***** DATASET EXTRACT *****

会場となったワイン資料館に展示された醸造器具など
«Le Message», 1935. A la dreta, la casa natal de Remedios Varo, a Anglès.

*****
***** DATASET EXTRACT *****

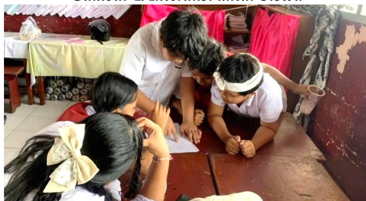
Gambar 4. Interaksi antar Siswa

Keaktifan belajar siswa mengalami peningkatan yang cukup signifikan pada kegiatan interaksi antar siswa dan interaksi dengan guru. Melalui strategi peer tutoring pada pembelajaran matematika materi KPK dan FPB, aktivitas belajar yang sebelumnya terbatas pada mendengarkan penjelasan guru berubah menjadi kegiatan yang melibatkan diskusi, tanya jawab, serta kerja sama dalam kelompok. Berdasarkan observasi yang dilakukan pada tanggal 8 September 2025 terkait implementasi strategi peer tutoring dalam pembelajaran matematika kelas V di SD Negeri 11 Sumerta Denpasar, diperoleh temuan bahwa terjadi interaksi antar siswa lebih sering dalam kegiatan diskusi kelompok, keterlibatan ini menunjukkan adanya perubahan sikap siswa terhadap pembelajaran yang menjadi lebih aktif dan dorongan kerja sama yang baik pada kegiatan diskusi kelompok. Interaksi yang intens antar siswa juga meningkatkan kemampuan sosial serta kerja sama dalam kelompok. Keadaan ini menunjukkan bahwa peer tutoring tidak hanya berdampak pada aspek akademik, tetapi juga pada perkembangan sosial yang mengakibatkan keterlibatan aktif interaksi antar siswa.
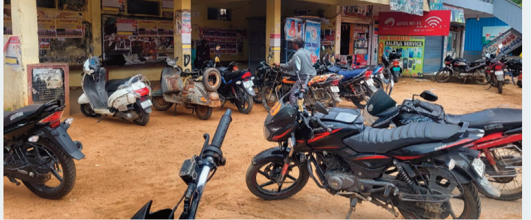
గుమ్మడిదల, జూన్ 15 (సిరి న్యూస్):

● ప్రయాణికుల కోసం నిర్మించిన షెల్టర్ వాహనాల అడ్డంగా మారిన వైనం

*****
***** DATASET EXTRACT *****

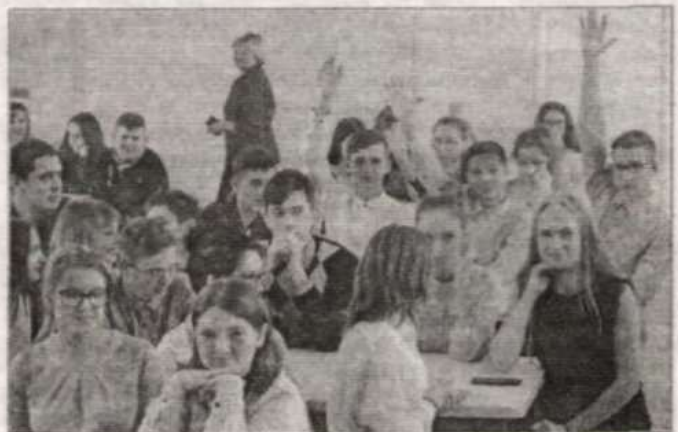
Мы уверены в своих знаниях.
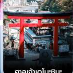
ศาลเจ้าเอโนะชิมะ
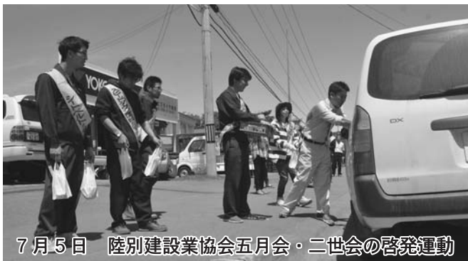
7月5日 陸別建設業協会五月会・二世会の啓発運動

*****

PROBLEM TO WORK ON: From the material above, copy exactly the lines between the line holding "గుమ్మడిదల, జూన్ 15" and the line holding "అడ్డంగా మారిన వైనం", inclusive, and only those.

SOLUTION FOR THIS PROBLEM:
గుమ్మడిదల, జూన్ 15 (సిరి న్యూస్):

● ప్రయాణికుల కోసం నిర్మించిన షెల్టర్ వాహనాల అడ్డంగా మారిన వైనం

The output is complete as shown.